*** DATA SUPPLIED ***

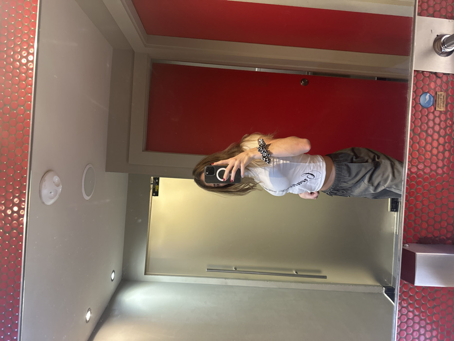 - "This image presents a mirror selfie taken by an individual in a public restroom or changing area of the Hard Rock Cafe in Brussels, Belgium" by FM-6uJGr1, licensed under CC BY 4.0
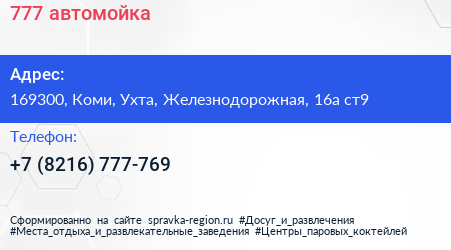 777, автомойка по адресу 169300, Коми, Ухта, Железнодорожная, 16а ст9 в дальнейшем Организация, размещена в следующих категориях:
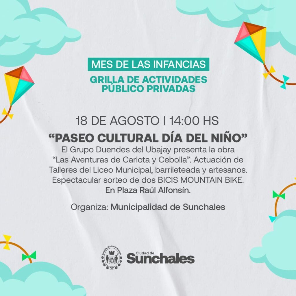 Domingo 18 de agosto, 14:00 hs. “PASEO CULTURAL DÍA DEL NIÑO”. En Plaza Raúl Alfonsín. El Grupo Duendes del Ubajay presenta la obra “Las Aventuras de Carlota y Cebolla”. Actuación de Talleres del Liceo Municipal, Barrileteada, artesanos. Espectacular sorteo de dos BICIS MOUNTAIN BIKE.
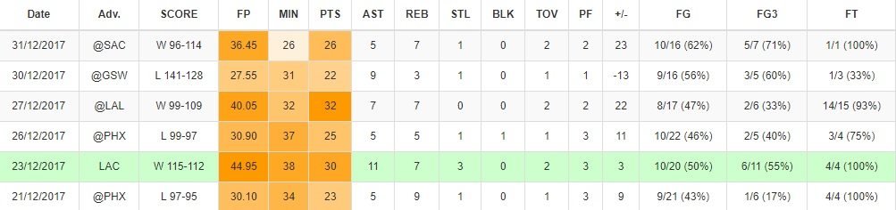 Est-il nécessaire de le présenter ? S’il est bien sûr de loin le joueur de plus cher du pool de joueurs ce soir, avec ses 40.08 FP de moyenne il enregistre 12 FP de plus que n’importe quel joueur ce soir ! Au vu du budget de 90 millions de dollars ce soir, vous pouvez foncer sur le King, qui aura à cœur de remettre les siens sur les bons rails face aux Blazers. Si ces derniers défendent plutôt bien cette saison, ils n’auront sans doute pas les armes pour ralentir le quadruple MVP. Vous pouvez espérer un match à au moins 40 FP de sa part.
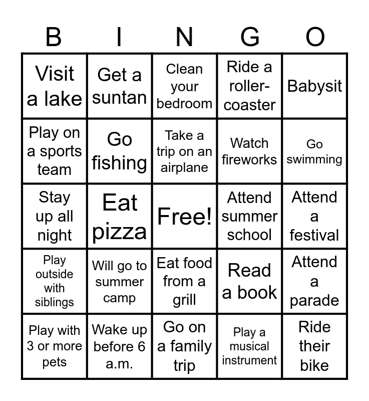 This bingo card has a free space and 24 words: Will go to summer camp, Wake up before 6 a.m., Take a trip on an airplane, Play with 3 or more pets, Babysit, Visit a lake, Play on a sports team, Get a suntan, Attend summer school, Eat food from a grill, Watch fireworks, Stay up all night, Read a book, Attend a parade, Go fishing, Play a musical instrument, Attend a festival, Clean your bedroom, Go swimming, Eat pizza, Ride their bike, Play outside with siblings, Ride a roller-coaster and Go on a family trip.

*** End of DATA SUPPLIED ***

TASK INSTRUCTIONS> While skipping the pictures, transcribe the data above from the line showing "777, автомойка по" through the line showing "Est-il nécessaire de", exactly and with both ends.

WORKED SOLUTION>
 777, автомойка по адресу 169300, Коми, Ухта, Железнодорожная, 16а ст9 в дальнейшем Организация, размещена в следующих категориях:
 Domingo 18 de agosto, 14:00 hs. “PASEO CULTURAL DÍA DEL NIÑO”. En Plaza Raúl Alfonsín. El Grupo Duendes del Ubajay presenta la obra “Las Aventuras de Carlota y Cebolla”. Actuación de Talleres del Liceo Municipal, Barrileteada, artesanos. Espectacular sorteo de dos BICIS MOUNTAIN BIKE.
 Est-il nécessaire de le présenter ? S’il est bien sûr de loin le joueur de plus cher du pool de joueurs ce soir, avec ses 40.08 FP de moyenne il enregistre 12 FP de plus que n’importe quel joueur ce soir ! Au vu du budget de 90 millions de dollars ce soir, vous pouvez foncer sur le King, qui aura à cœur de remettre les siens sur les bons rails face aux Blazers. Si ces derniers défendent plutôt bien cette saison, ils n’auront sans doute pas les armes pour ralentir le quadruple MVP. Vous pouvez espérer un match à au moins 40 FP de sa part.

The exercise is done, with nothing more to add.